Factory output growth slows in June
MANILA, Philippines - Increased production of construction-related and export products enabled the domestic manufacturing sector to sustain growth in June, although at a slower pace than last year, the National Economic and Development Authority (NEDA) said.
Factory output in terms of volume grew 8.1 percent in June, slower than the 9.8 percent growth in June 2016. In terms of value, manufacturing output likewise grew at a slower pace of 5.1 percent in June, down from 9.8 percent in the comparative period last year.
Output growth was driven by increased production of goods for construction (basic metals, fabricated metal products, and non-metallic mineral products), exports (leather products and footwear), food, transport equipment and petroleum products.

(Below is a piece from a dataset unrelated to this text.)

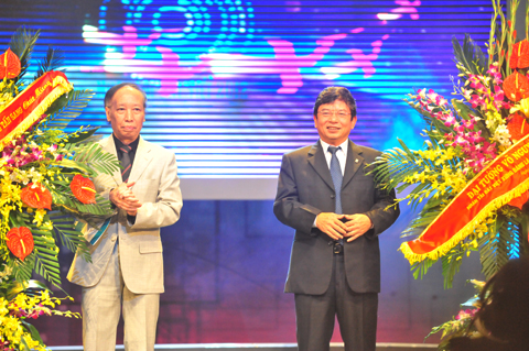 | Ông Phan Hoàng Đức, Phó Tổng giám đốc VNPT (phải) và Trưởng Ban tổ chức Phạm Huy Hoàn đón nhận hai lẵng hoa của đồng chí Trương Tấn Sang - Ủy viên Bộ Chính Trị - Chủ tịch nước và Đại Tướng Vơ Nguyên Giáp.

In the first six months of 2017, the manufacturing sector grew an average 10 percent, higher than the nine percent average growth last year due to sustained domestic and external demand.

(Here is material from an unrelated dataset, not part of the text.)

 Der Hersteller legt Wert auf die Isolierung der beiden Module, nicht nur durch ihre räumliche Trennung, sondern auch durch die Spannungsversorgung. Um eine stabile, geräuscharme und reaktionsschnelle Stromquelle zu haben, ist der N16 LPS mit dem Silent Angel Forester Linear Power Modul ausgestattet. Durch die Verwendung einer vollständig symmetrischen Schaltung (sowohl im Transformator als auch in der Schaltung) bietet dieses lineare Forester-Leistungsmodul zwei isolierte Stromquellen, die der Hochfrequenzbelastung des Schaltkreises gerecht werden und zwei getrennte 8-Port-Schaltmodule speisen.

NEDA said growth was backed by increased production of food, basic metals, transport equipment, fabricated metal products, non-metallic mineral products, and export-oriented products.
Socioeconomic Planning Secretary Ernesto Pernia said growth in the manufacturing sector is expected to be sustained in the second semester because of good indicators for consumption.
“Looking ahead, the outlook for the manufacturing sector remains optimistic on the back of favorable domestic conditions such as stable inflation rate, robust economic demand, increased investments and business confidence,” he said.
He cautioned, however, against domestic and internal risks to the sector’s growth which include disturbances to business activities during the rainy season, planned interest rate hikes in the US and inward-looking trade policies of major economies.
To sustain growth, Pernia emphasized the need to expand production capacity and to encourage the entry of new firms to stabilize the prices of goods.
“For this, the government is doing its part in terms of infrastructure investments and streamlining government procedures to reduce the cost of doing business in the Philippines,” he said.